'There's a lot of money in that white powder pop'

This is, of course, a line from The Godfather. My question is about the scene in which Marlon Brando, Robert Duvall and James Caan are all sitting in a room debating whether to get into the narcotics business (well, not really debating no one debates with the godfather himself, but rather James and Robert gave him their takes on it)

So to the question. Robert Duvall’s character, Tom, is the family’s lawyer. He sits there and openly discusses, and verbally supports I might add, that the organization target the narcotics ‘industry’. As a lawyer shouldn’t he have left the room at least when they were discussing that?

To my knowledge real lawyers would be disbarred if they did this and were found out (which I sppose is the rub).

John

Oh come on! Tom was the consigliere (sp?). He wasn’t just the family lawyer. As he told Leo Woltz, “I have a special practice. I only handle one client.” Tom was a lawyer because the family needed someone with those credentials for certain legal processes, but he was a lawyer second. He was a family man first.

Hagen(sp?) was “adopted” by Vito Corleone years earlier (according to Michael) and served the Corleone family exclusively.

Don’t know if this helps, but I remember an episode of Law and Order where an attorney was helping out some criminal types by actually giving advice on how to commit and cover up crimes and it turned out that their conversation had been recorded during a police wiretap. This attorney later tried to get the wiretap evidence excluded by claiming that any discussions he had with his client fell under the attorney-client priviledge rule and could not be admitted. The judge ruled that when the attorney went beyond giving legal advice and actually began breaking the law, that he was no longer acting as an attorney.

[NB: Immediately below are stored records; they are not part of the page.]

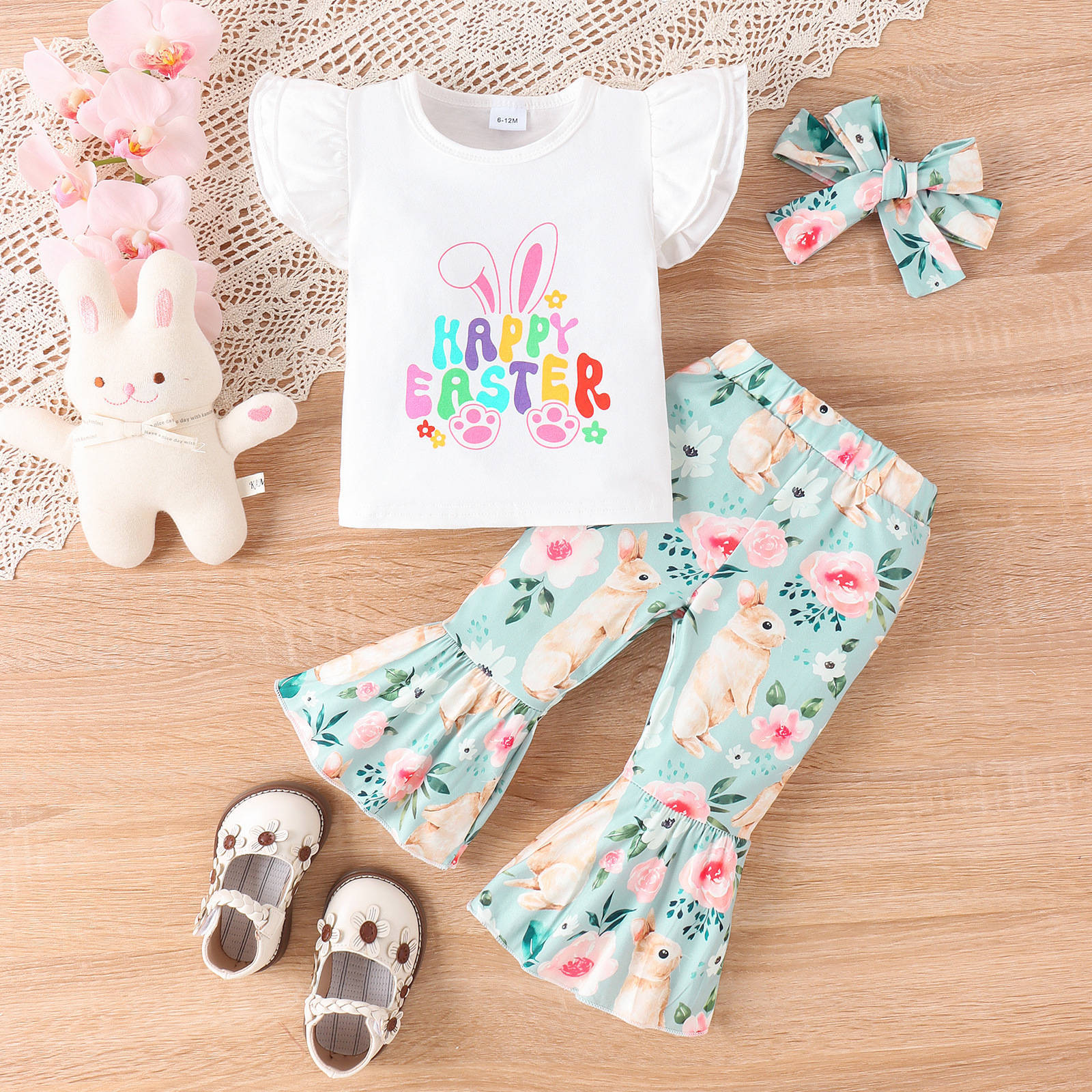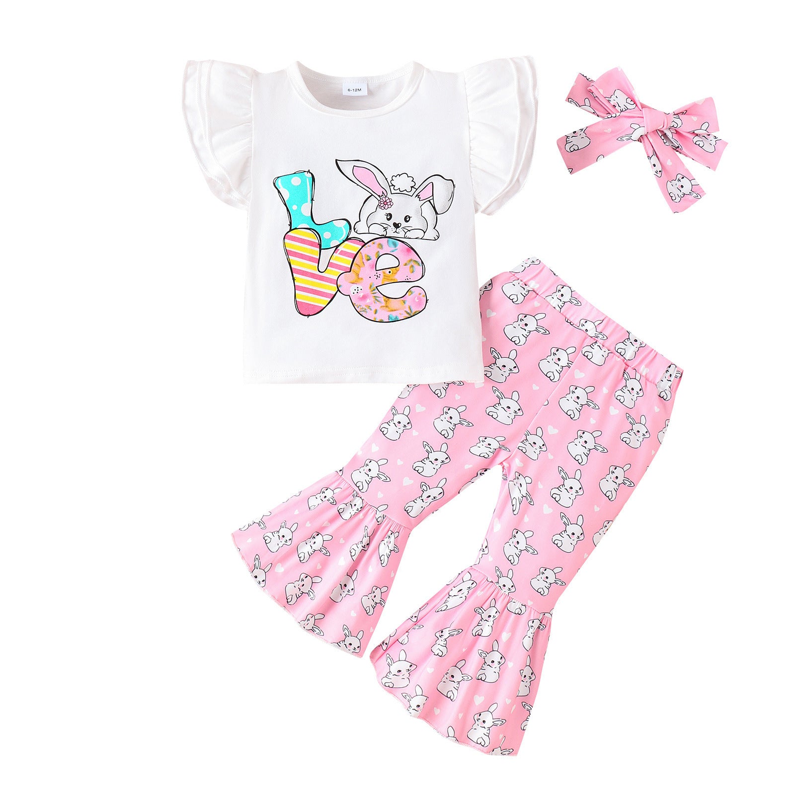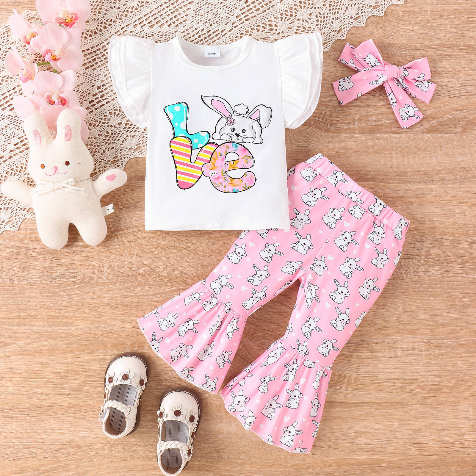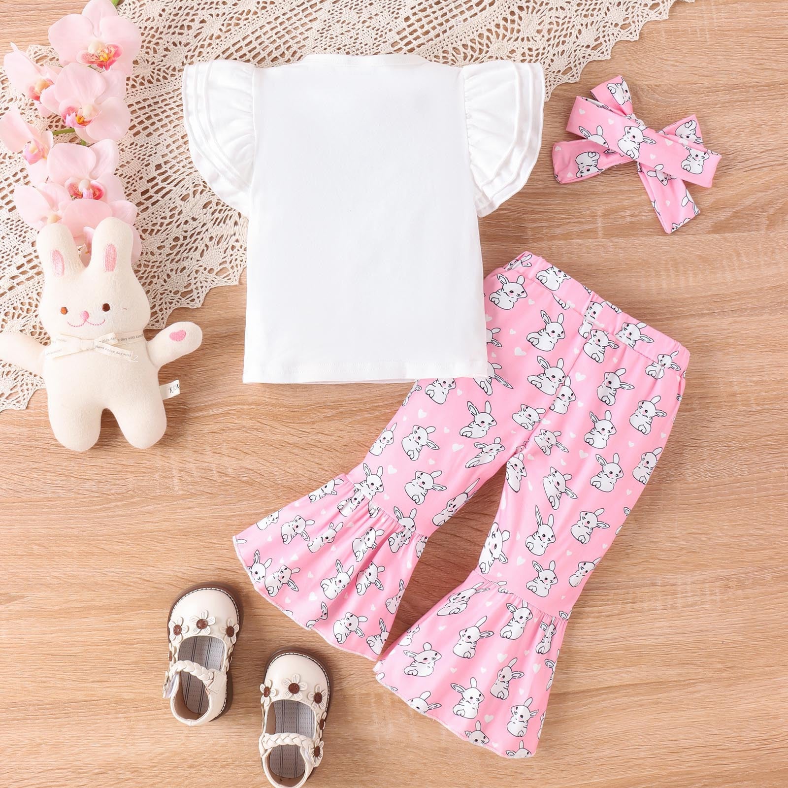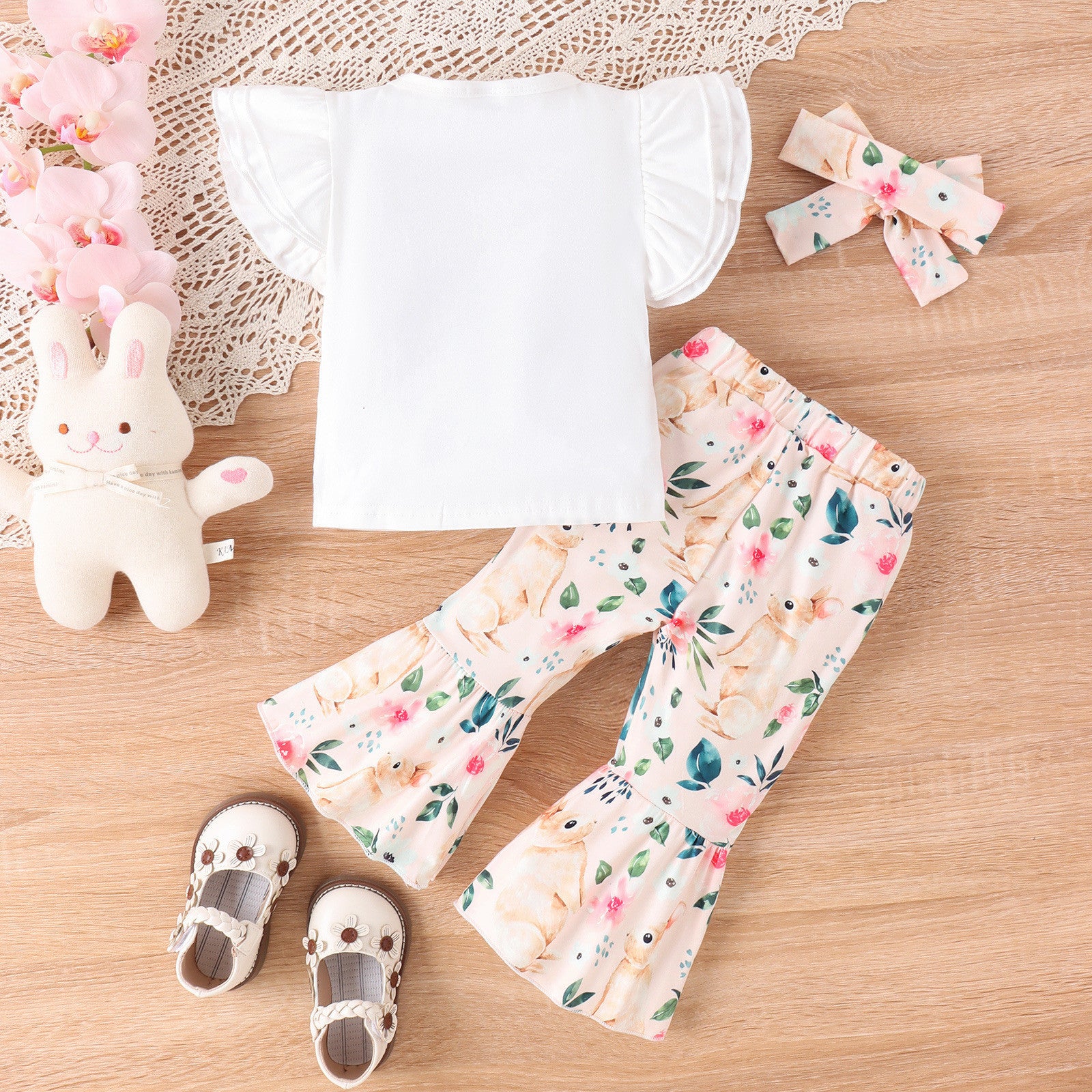 3-teiliges Set für Mädchen – Weißes Flattertop und mehrfarbige Schlaghose mit Häschenmotiv
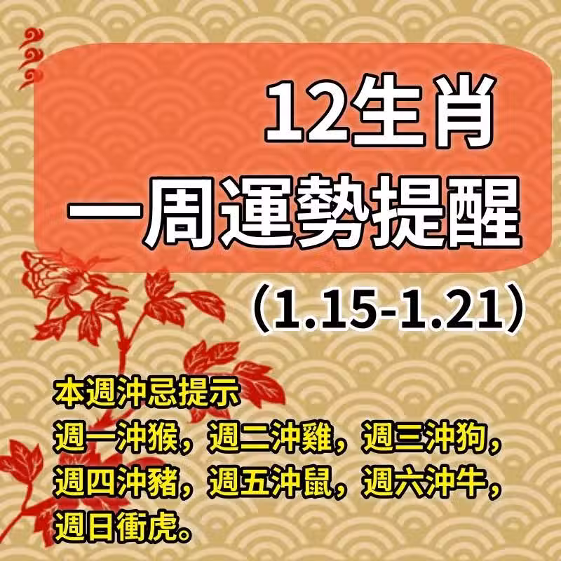12生肖一周運勢提醒(1.15~1.21)
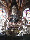 The cathedral comprises a nave with aisles, transepts with aisles, a choir with double aisles, and an apse with ambulatory and radiating chapels. The main altar, located in the apse, was founded about 1650 by Bishop Piotr Gembicki and created by Giovanni Battista Gisleni. The altar painting of Crucified Christ by Marcin Blechowski is from the 17th century.[2] Over the main altar stands a tall canopy of black marble supported by four pillars, designed by Giovanni Battista Trevano and Matteo Castelli between 1626 and 1629. Underneath the canopy is placed a silver coffin of national patron Stanislaus of Szczepanów (also Stanisław Szczepanowski) created between 1669 and 1671 after the previous one (donated in 1512 by King Sigismund I the Old) was stolen by the Swedes in 1655.[3]
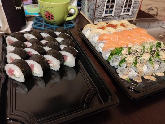Самые не вкусные суши,которые я ела. Разваливаются, палочками взять невозможно,рыба вообще не похоже на рыбу ни по цвету ни по вкусу!  Оператор,который брал заказ очень неприятная, к тому же нет возможности оплатить по карте,хотя должно быть !Больше тут заказывать не буду и никому не рекомендую!
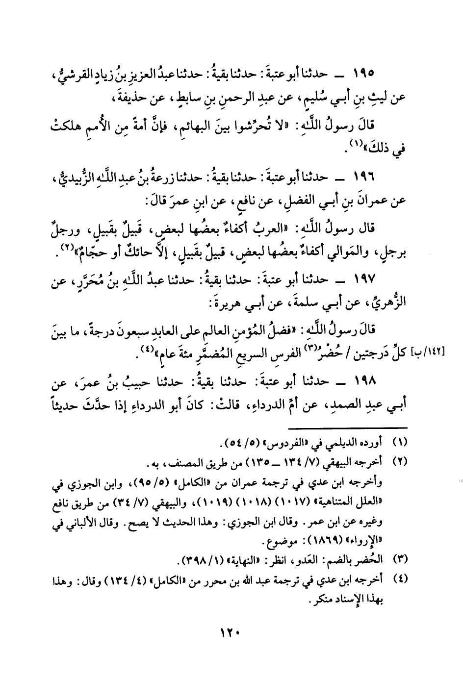 196 - حدثنا أبوعتبة حدثنا بقية حدثنا زُرْعَةُ بْنُ عَبْدِ اللَّهِ الزُّبَيْدِيُّ عَنْ عِمْرَانَ بْنِ أَبِي الْفَضْلِ عَنْ نَافِعٍ عَنِ ابْنِ عُمَرَ قَالَ
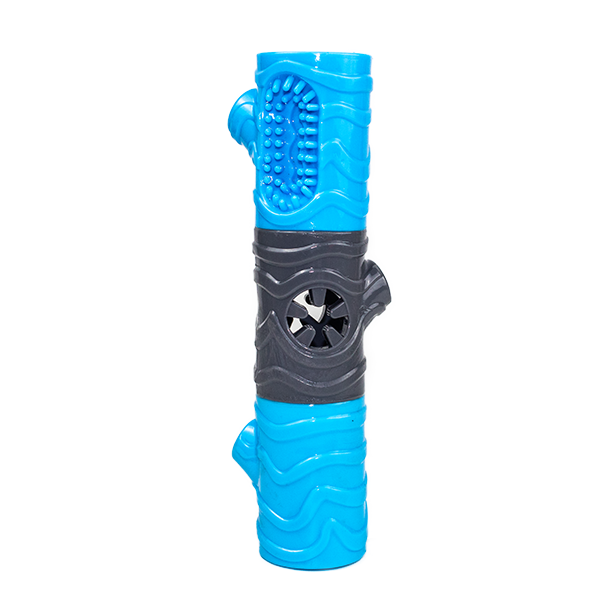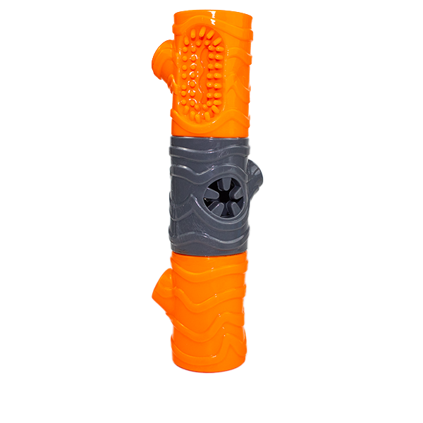 Juguete mordedor para mascotas, cuenta coon compartimentos para esconder snacks, textura para ayuda de limpieza de dientes y sonido interno. Material: Plástico Color: Azul, naranja Disponible: Razas medianas y grandes
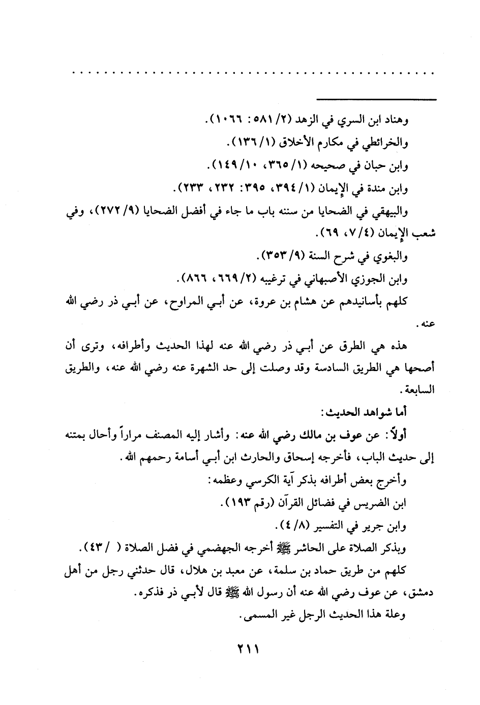 هذه هي الطرق عن أبي ذر رضي الله عنه لهذا الحديث وأطرافه، وترى أن أصحها هي الطريق السادسة وقد وصلت إلى حد الشهرة عنه رضي الله عنه، والطريق السابعة.
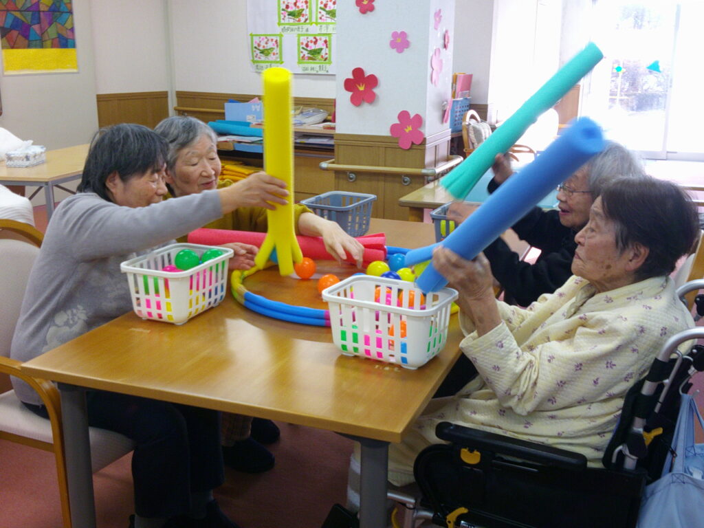 本日のレクリエーションは、発泡スチロールの棒を使ったボールすくい。

As a fascinating real-life side-bar to this O.P., the American Bar Association has proposed a rather radical reform. Actually, many of them. One would now permit lawyers to report, and testify against, clients if the act of reporting and/or testifying would stop a murder or fraud.
This Site will provide links to the detailed proposed changes.

Dicey, ain’t it? In other related news this week, a judge ruled that A.A. meetings are as sacrosanct as a confessional closet with a priest, and admissions of crimes spoken during an A.A. meeting cannot be used as evidence. This A.B.C. News report covers it nicely.

What a world, what a world…

Cartooniverse

IIRC from the book, Tom Hagen was a street kid who Sonny Corleone (as a boy himself) met and befriended and then took home, and the Corleones took him in and raised him as their son.

I don’t get the impression that Tom is the most ethical lawyer out there, though…

Jeez, he was tacitly involved in the murder of one Salvatore Tessio…

*Tessio: “Tom, can you get me off the hook? For old time’s sake?”

Hagen: “Sorry, Sally…”*

Chilling. Poor Tessio…

I always wondered how involved he was in the Horse Head incident, being the man on site, as it were. (And I also always wondered about the logistics of that. How many people needed to get paid off and/or eliminated to pull that off?)

Yeah, but Tessio went like a man to his fate. Possibly the end wasn’t as calm as what we saw but he didn’t go kicking and screaming like Carlo did. Sheesh, could Clamenza have been a little less discreet? No matter, I’m sure the Corleone’s neighbors didn’t see a damn thing. :smiley:

Keep in mind that the criminal conspiracy went far beyond the family as Vito owned many judges and cops. Tom would have been virtually untouchable by the law. It is a little inconsistent though when Micheal excludes Tom because he’s “not a wartime consiglieri.”

I’ve wondered about the horse head too. The logistics are mind boggling but I just chalk it up to a little suspension of disbelief in favor keeping the story going. Luca Brasi must have been a lot smarter than he looked.

But don’t I remember other situations in which the Godfather tried to distance Duvall’s character from the criminal activity, ostensibly because he might have to represent them in court?